Future of transparency bill not so clear

Jan 25, 2012

The following article was published in The Florida Current on January 25, 2012:

Future of Transparency Bill Not So Clear

By Christine Jordan Sexton

Doctors, urgent care clinics and ambulatory  surgical centers would have to make available to patients how much certain procedures cost under a bill OK’d Wednesday.

The House Health & Human Services Quality Subcommittee met Wednesday and tagged a strike-everything amendment onto the measure before passing it by a 10-5 vote. 

Tucked into the transparency requirements in the bill is a prohibition on balance billing by hospital-based providers, such as anesthesiologists, who work in hospitals that have contracts with insurance companies.

Sponsored by Rep.
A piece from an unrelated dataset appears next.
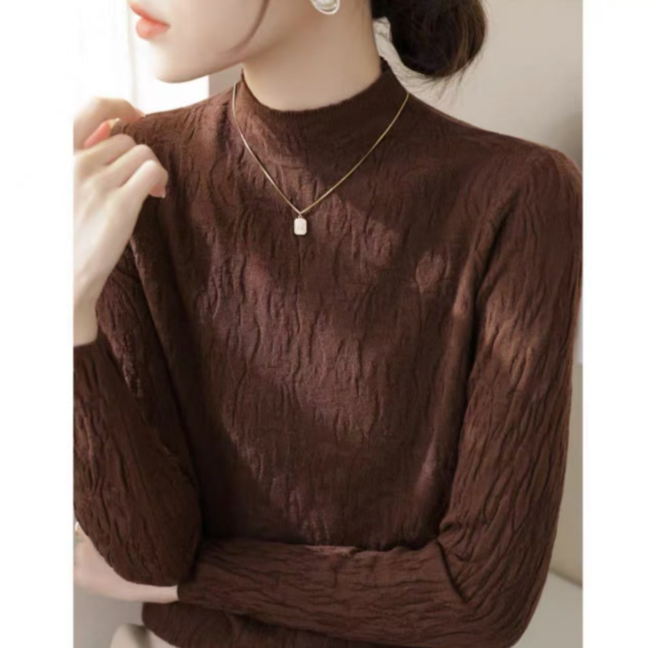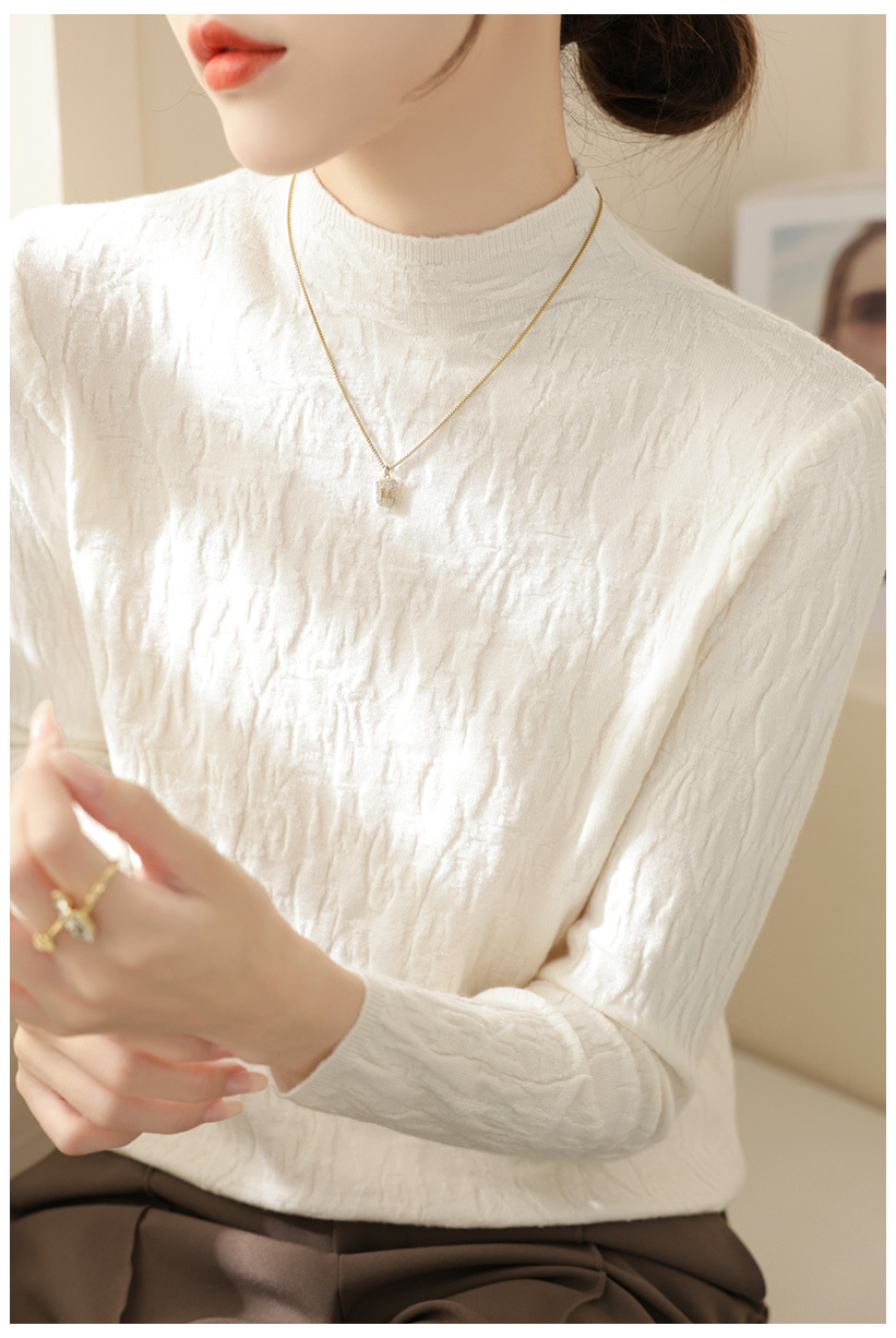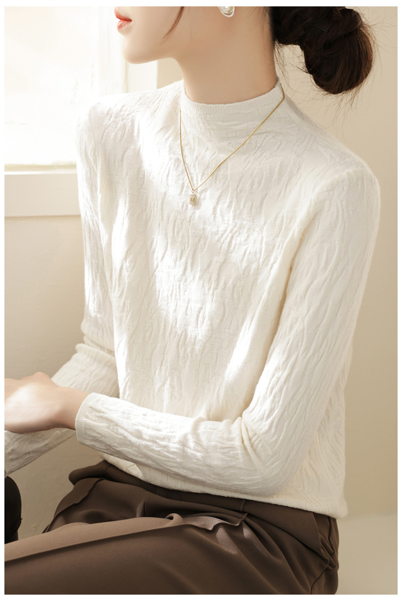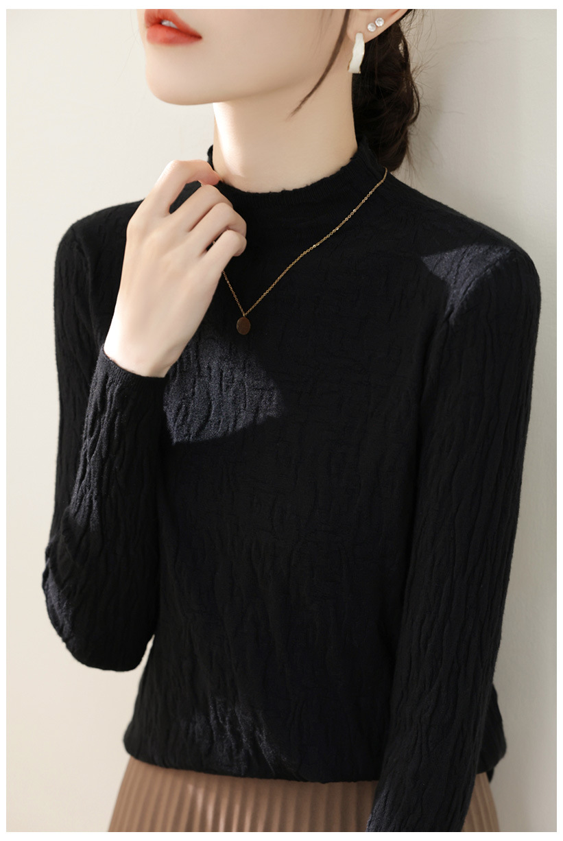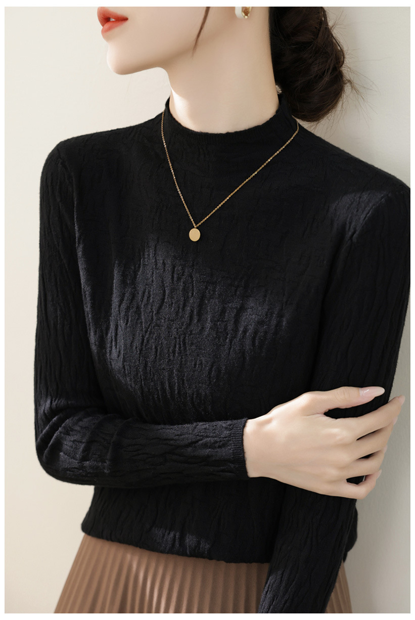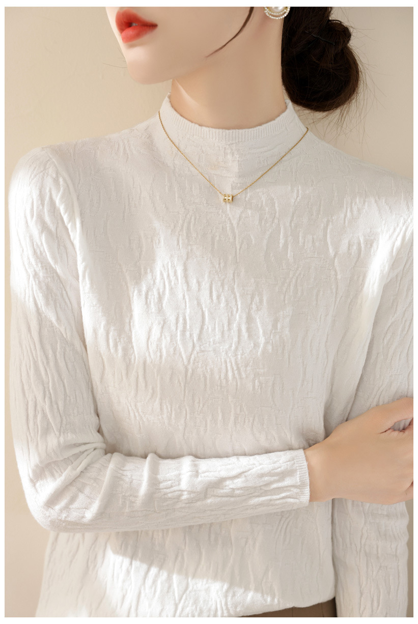 고급 그레이 반 터틀넥 울 텍스처 인테리어 슬림 핏 니트베이스 셔츠 여성용 가을 및 겨울 고급 슈퍼 잘 생긴 스웨터스토어 가기

Richard Corcoran, R-New Port Richey, CS/HB 1329 requires diagnostic imaging centers and ambulatory surgical centers  to publish a schedule of charges for the 50 most common medical services and treatments. It also requires doctors to distribute in writing a schedule of the top 50 medical charges, process to be repeated each patient visit. Doctors who violate the rule are subject to disciplinary action.

The strike-everything amendment would prohibit hospital-based health care providers from billing insured patients for emergeny care within 24 hours of being in an accident so long as they were transported by emergency medical transportation services. 

Additionally, hospital-based providers are prohibited from balance billing patients for nonemergency medical care provided in hospitals that have contracts with insurers if the patient has no choice but to use that hospital-based provider. Those providers must disclose to the patient in writing an estimate of the amount to be billed. If the actual amount billed directly to the patients is 200 percent above the quoted prices, the provider is prohibited from balance billing.

If an urgent care center is owned by a hospital it must post information that notifies the patient whether the charges for medical services at the center will be the same as, more than or equal to the charges received at the hospital’s emergency department.

The bill is supported by the insurance industry.

Its future may be shaky, though, given the fact the Senate Health Regulation Committee just hours later rejected a similar proposal. Committee Chairman Rene Garcia acknowledged that there are concerns among providers and asked members to allow him to introduce the proposed committee bill. 

“It’s important we find ways to remove the patient from disputes between providers and insurers,” Garcia said.

The committee voted 4-3 not to introduce the bill.